Write out again, word for word, the lines below from the line that holds "Citizen Analog Solar" through the line that holds "1959年に発売した「PEN", omitting pictures.

--- RECORDS TO USE Enclosed Below ---

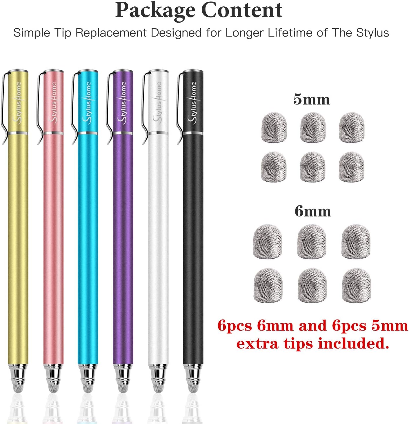 StylusHome Stylus Pens for Touch Screens(6 Pcs),Sensitivity 2 in 1 Fiber Tips Capacitive Stylus with 12 Extra Replaceable Tips for iPad iPhone Tablets Samsung Galaxy All Universal Touch Screen Devices
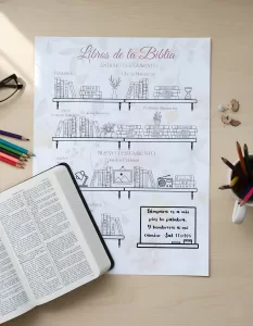 - 2 Tracker o rastreadores coloreables de los libros de la Biblia clasificados por secciones, uno tamaño carta (8.5″ x 11″) y otro tamaño media carta (5.5″ x 8.5″). ¡Marca tu avance de manera creativa!
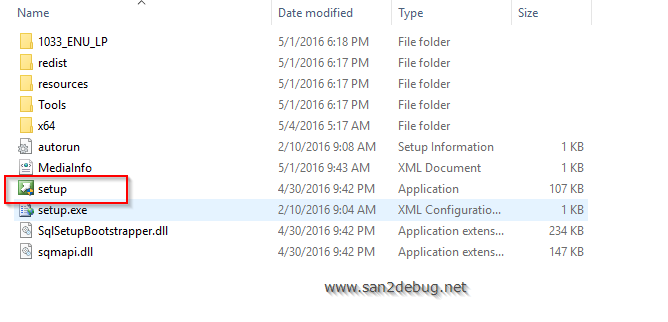 Go to SQL Server 2016 Setup folder and double click Setup.exe.
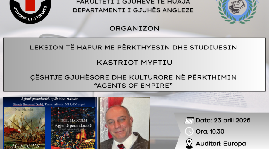 Grupi mësimor-kërkimor “Përkthim – Interpretim” pranë Departamentit të Gjuhës Angleze, FGJH-UT, ju fton në një seancë informimi mbi programet e studimit në nivel Master për vitin akademik 2026–2027. 📅 Data: E enjte, 23.04.2026 🕒 Ora: 12:30 📍 Vendi: Auditori 207 Gjatë këtij takimi do të njiheni me përmbajtjen dhe kërkesat specifike të programeve: 🎓 Master i Shkencave në Përkthim dhe Interpretim 🎓 Master Profesional Ky është një moment i mirë...Lexo më shumë
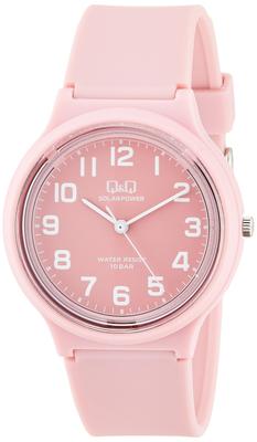 Citizen Analog Solar Water Resistant To 10 Urethane No Battery Replacement Simple Pink Q&Q Men's Watch, ATM, Strap, Required, Lightweight,
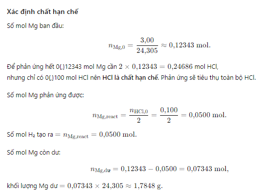 - Khối lượng của Mg là 3 g, mà khối lượng mol của Mg là 24 g/mol. Vậy số mol Mg là:
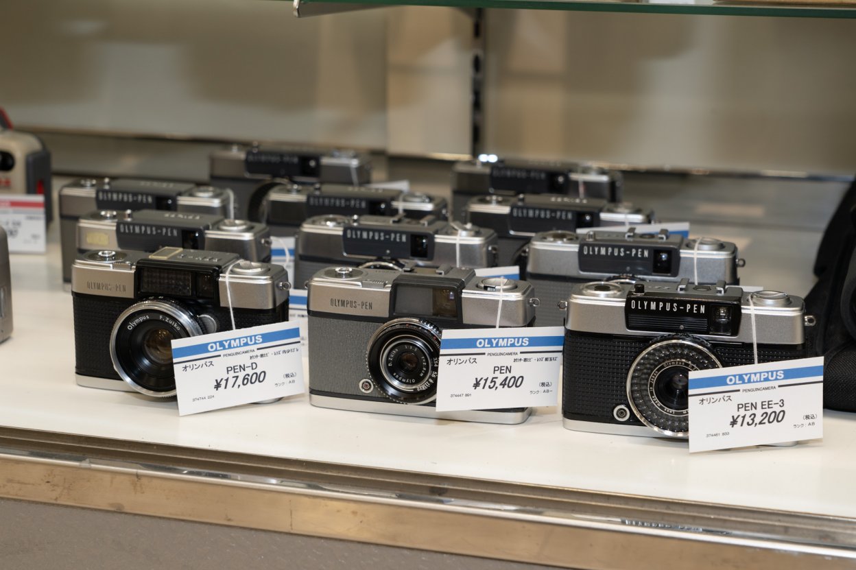 1959年に発売した「PEN」をはじめとしたハーフサイズカメラシリーズ。35mmフィルムを使用し、通常の2倍の枚数が撮影できる。小型軽量なボディに扱いやすい機構、入手しやすい価格などからハーフサイズカメラの流行をけん引した。代を追うごとにプログラムEEや内蔵露出計、より明るいレンズを搭載するなど、便利な機能が追加されている。
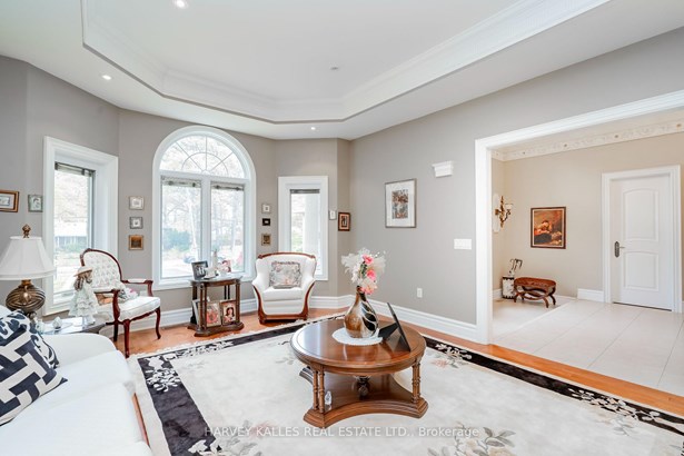 Rare, stunning custom-built bungalow nestled in one of Mississauga's most sought-after neighbourhoods. Set on an impressive 75' x 200' lot, this elegant home blends timeless craftsmanship with modern comfort. Step inside to discover soaring ceilings, crown moulding, coffered ceilings, wainscoting and decorative pillars that bring a touch of sophistication throughout. The sunken family room features a cozy gas fireplace and multiple bay windows flood the space with natural light. The spacious kitchen offers a walkout to a large composite deck - perfect for entertaining or relaxing in the private backyard oasis complete with an interlocked patio and outdoor jacuzzi. The primary suite boasts a luxurious ensuite with a jacuzzi tub and beautiful finishes. Enjoy a separate entrance to the tall, open-concept basement offering endless potential for extended family or future customization. A three-car garage, interlocked driveway, and two gas fireplaces complete this exceptional property. The home features a large Nanny's quarter. Custom-built with pride of ownership evident. Many extras included. Close to schools, transportation and all amenities. Just show and sell!
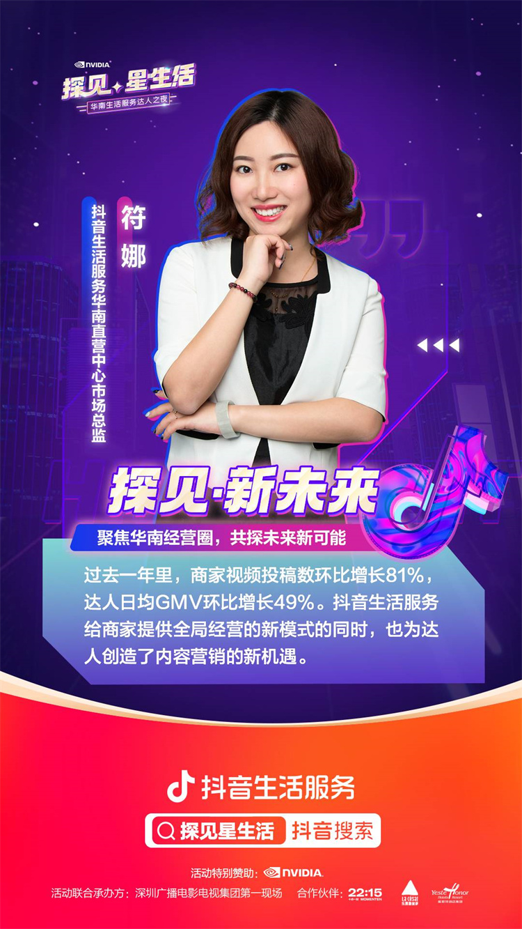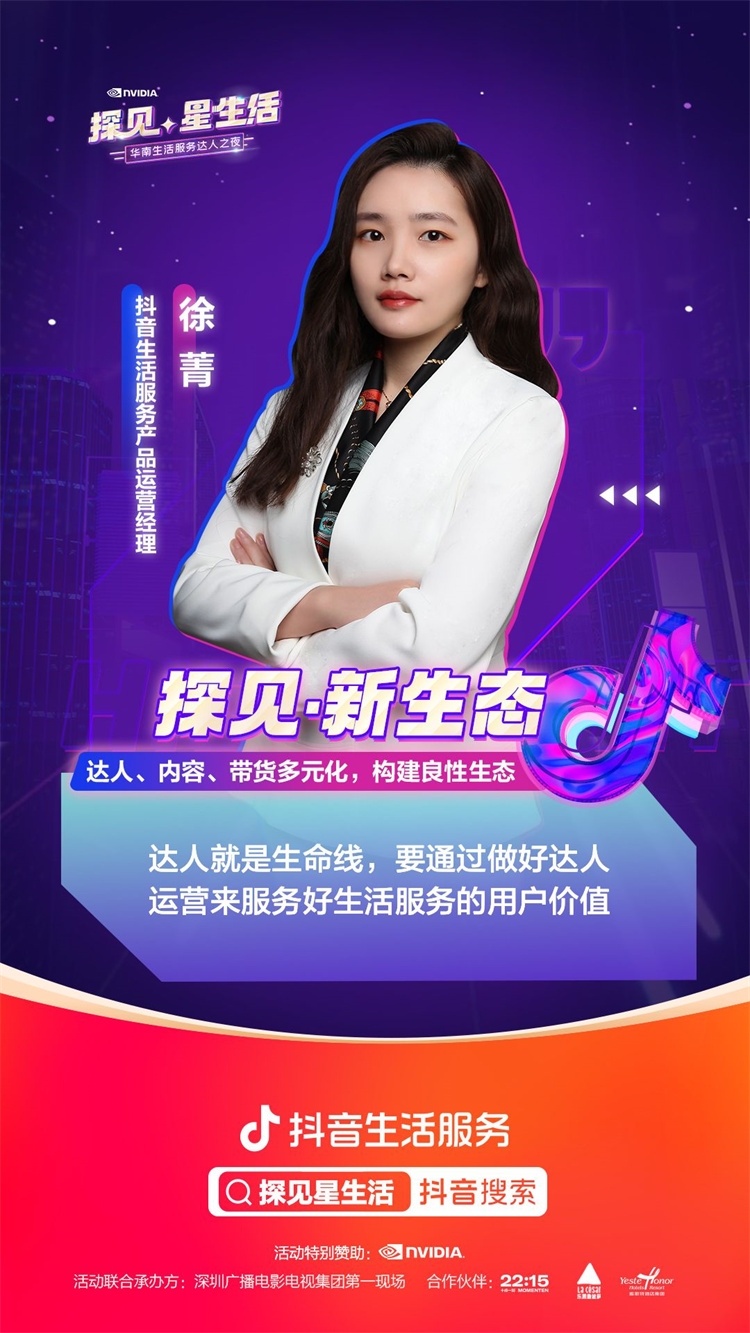5月28日,由抖音生活服務(wù)華南直營(yíng)中心主辦,深圳廣播電影電視集團(tuán)第一現(xiàn)場(chǎng)聯(lián)合承辦的“探見星生活”華南生活服務(wù)達(dá)人之夜精彩閉幕。抖音生活服務(wù)市場(chǎng)總監(jiān)趙帥、抖音生活服務(wù)產(chǎn)品運(yùn)營(yíng)經(jīng)理徐菁、抖音生活服務(wù)華南直營(yíng)中心市場(chǎng)總監(jiān)符娜以及頭部達(dá)人創(chuàng)作者“特別烏啦啦”等嘉賓亮相大會(huì)現(xiàn)場(chǎng)。

--- End of Enclosed RECORDS TO USE ---

**RESPONSE FOR THIS EXERCISE:**
 Citizen Analog Solar Water Resistant To 10 Urethane No Battery Replacement Simple Pink Q&Q Men's Watch, ATM, Strap, Required, Lightweight,
 - Khối lượng của Mg là 3 g, mà khối lượng mol của Mg là 24 g/mol. Vậy số mol Mg là:
 1959年に発売した「PEN」をはじめとしたハーフサイズカメラシリーズ。35mmフィルムを使用し、通常の2倍の枚数が撮影できる。小型軽量なボディに扱いやすい機構、入手しやすい価格などからハーフサイズカメラの流行をけん引した。代を追うごとにプログラムEEや内蔵露出計、より明るいレンズを搭載するなど、便利な機能が追加されている。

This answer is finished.